Non-linear fluvoxamine disposition.

Aims: To study the pharmacokinetics of fluvoxamine when given in increasing doses to healthy volunteers.
Methods: Ten healthy, non-smoking men were given maintenance treatment with fluvoxamine for 4 weeks. Eight subjects were CYP2D6 extensive metabolisers (EMs) and two were CYP2D6 poor metabolisers (PMs). As a measure of the CYP1A2 phenotype, the paraxanthine/caffeine ratio in saliva after intake of caffeine was studied. The fluvoxamine doses given were 25 mg day(-1) the first week, 50 mg day(-1) the second week, 100 mg day(-1) the third week and 200 mg day(-1) the fourth week, divided in two daily doses. On the seventh day every week, serum concentrations of fluvoxamine were followed for a dose interval of 12 h. After discontinuation of treatment, fluvoxamine concentrations were followed for 1 week.

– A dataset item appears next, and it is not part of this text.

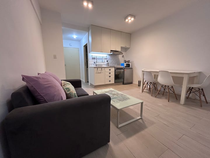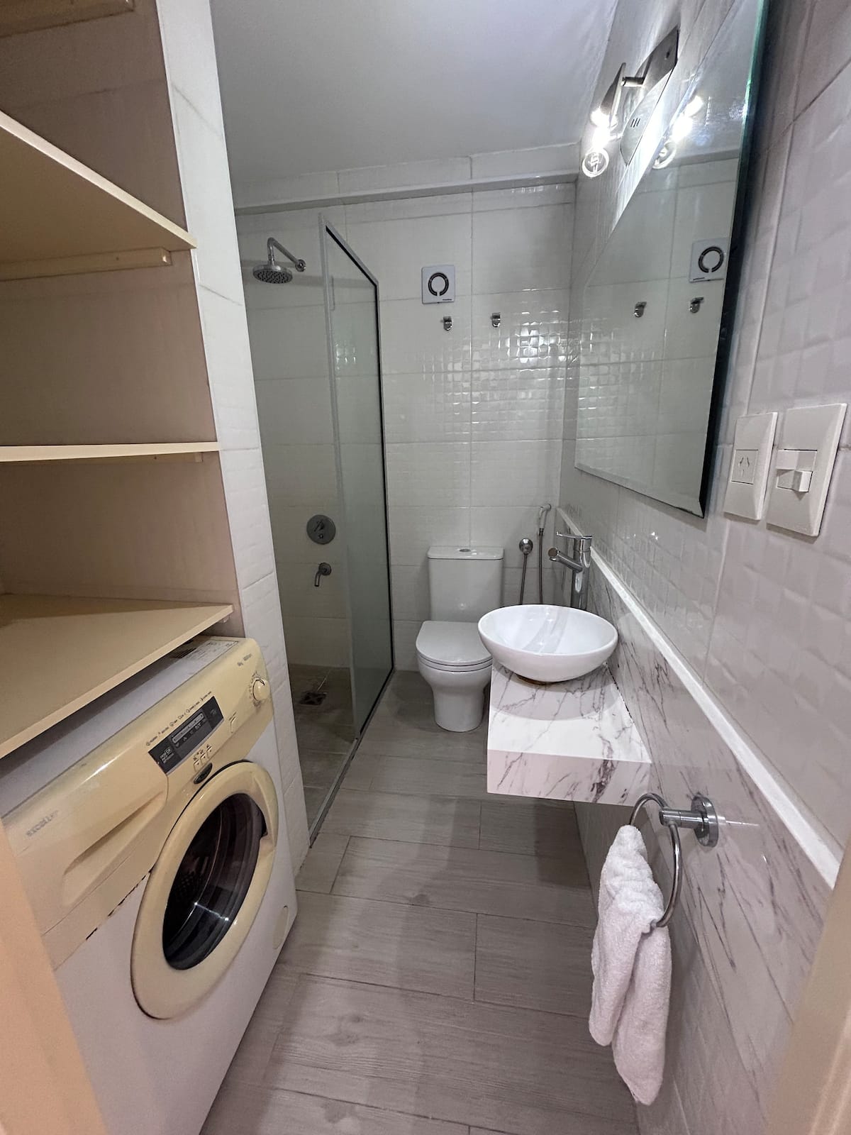 Apartamento em Retiro. A unidade conta com área de dormir tipo studio, banheiro completo e armário. O imóvel tem máquina de lavar, cozinha com utensílios, geladeira, ar-condicionado com função quente e fria, micro-ondas, torradeira, chaleira elétrica, TV a cabo com recursos de streaming, acesso Wi-Fi e armário para armazenamento.

Results: For each of the three two-fold increases in given dose, the mean AUC increased 3.25-fold, 3.17-fold and 3.14-fold, respectively (P < 0.0001), indicating a decrease in oral clearance with increasing dose. The elimination half-life based upon the serum concentrations 12-48 h after discontinuation of fluvoxamine was 32.1 +/- 11.0 h whereas the half-life based upon the concentrations 3-7 days after discontinuation was significantly shorter, 15.8 +/- 4.2h (means +/- s.d.; P < 0.001). There were no significant correlations between the CYP1A2 phenotype and fluvoxamine AUCs at different doses (r = -0.56; P = 0.095 for the correlation between the paraxanthine/caffeine ratio in saliva and fluvoxamine AUC at a dose of 50 mg day[-1]). The two CYP2D6 PMs had AUC values in the same range as the EMs.
Conclusions: The present study conclusively demonstrates that fluvoxamine exhibits non-linear kinetics within the therapeutic dose interval. The reason for non-linearity is not Michaelis-Menten saturation kinetics of a single metabolic pathway, but rather a complex involvement of multiple parallel pathways.